Quantitatively, the Huainanzi's most major influences are the Zhuangzi (269 references) and encyclopedic Lüshi Chunqiu (190), with the Lüshi Chunqiu quoted in twenty of the Huainanzi's twenty one chapters. Most prominently influencing chapters 3-5, much of chapter five quotes directly from the Lushi Chunqiu's first twelve chapters. The Huainanzi's second most major influences are drawn from the Tao Te Ching (99) and Han Feizi (72), or a bit less than half as much, including traces of the Han Feizi's predecessor Shen Buhai.

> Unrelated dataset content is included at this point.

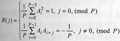 随机过程是白噪声,其瞬时值服从高斯分布(正态分布)。它的功率谱密度在很宽的频带内是均匀的,而且自相关函数具有δ函数的形状。伪随机码虽然仅有2个电平,但却具有类似白噪声的相关特性,只是其幅度概率分布不再服从高斯分布。所以,可以用伪随机序列的平衡特性、游程特性和相关特性等来描述伪随机码。伪随机编码是用逻辑运算实现的,信号的自相关函数满足: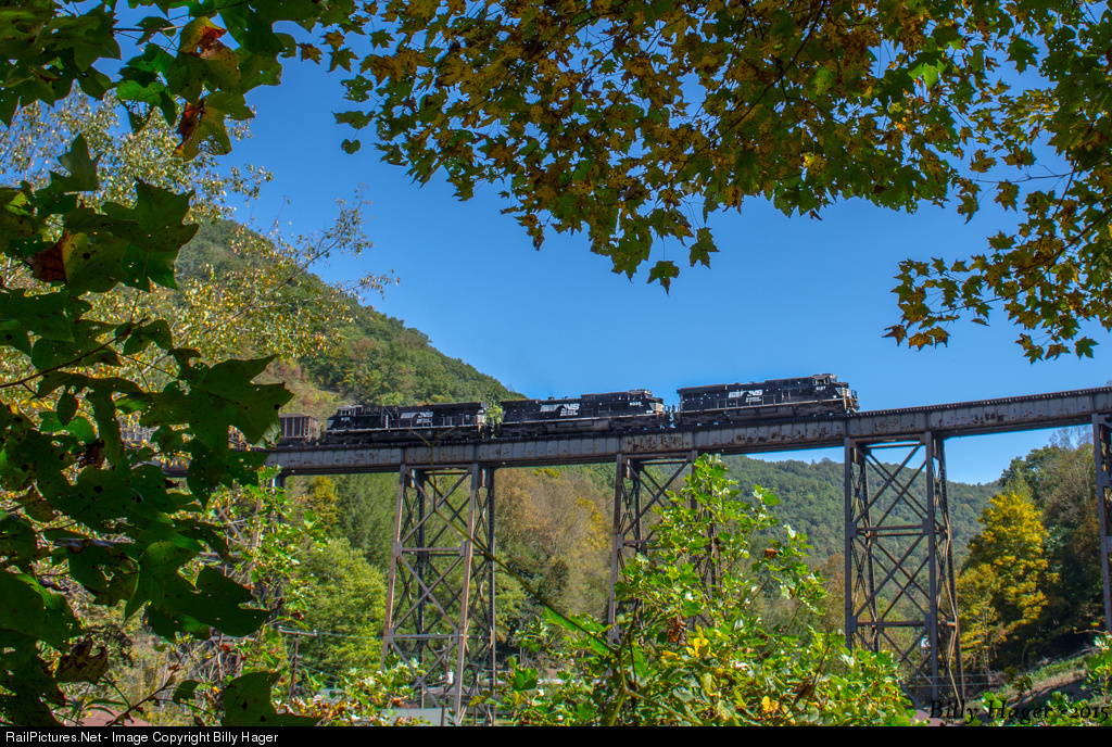 Covel from the trees. Framed through the trees, U86, having left Elmore about 20 minutes prior, passes over the massive trestle at Covel, headed up the 2.2% grade to Clarks Gap. This is the last week of service on this line between Elmore and Princeton, as lack of traffic and maintenance costs have taken their toll.

===Laozi, Zhuangzi, and Han Feizi===
The first, second and twelfth chapters of the work are based on the Laozi, with Chapter's 2 title "Activating the Genuine" referring to the Dao. But in the evaluation of the Huainanzi's modern translators, the work most strongly resonates with the Zhuangzi. All of Chapter 2's primary themes draw on the Zhuangzi, with one section drawing on such classic Inner Zhuangzi imagery as the "Great Clod" representing Earth and the Dao, and "The Butterfly Dream".

Zhuangzi influences only existed as traces in the earlier, late Warring States period Han Feizi, and the Mawangdui silk texts Huangdi sijing, entombed in the early Han dynasty, still did not associate Laozi and Zhuangzi together. In these terms, the Huainanzi is notable as the main evidence of Zhuangzi influence in the Han dynasty.

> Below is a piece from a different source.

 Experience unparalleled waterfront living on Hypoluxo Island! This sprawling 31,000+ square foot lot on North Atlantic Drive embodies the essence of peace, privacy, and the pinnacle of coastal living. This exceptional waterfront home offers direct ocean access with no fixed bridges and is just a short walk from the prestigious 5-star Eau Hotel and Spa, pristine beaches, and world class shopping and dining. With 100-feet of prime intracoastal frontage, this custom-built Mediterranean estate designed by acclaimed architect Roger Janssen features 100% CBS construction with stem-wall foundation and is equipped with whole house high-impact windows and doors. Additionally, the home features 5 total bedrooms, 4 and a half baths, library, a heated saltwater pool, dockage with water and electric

The Huainanzi is the first Han dynasty work pairing together the Han Feizi's combination of Shang Yang and Shen Buhai, but disparagingly glosses them together as penal (Shen Buhai issued laws, but was not evidently as penal as Shang Yang). One section briefly re-frames a story from the Han Feizi, adding Laozi, Confucius and Han Fei as characters. Confucius is portrayed as approving Laozi leniency (in the Huainanzi's framing "to attract those who would admonish (the ruler"), while Han Fei decries what he takes to be a failure to punish the officials as abandoning ritual.

==Reformist conservatism==
If Dong Zhongshu was familiar with the Huainanzi, its "syncretism" would likely have infuriated him, deciding for itself the relation between fundamental Confucian texts and relegating them to one quarter of the "fundamentals of rulership." Though positively receiving earlier reunification of the empire, the Huainanzi opposed a growing expansion of centralized government, with its upcoming class of attending (Confucian) scholar-officials.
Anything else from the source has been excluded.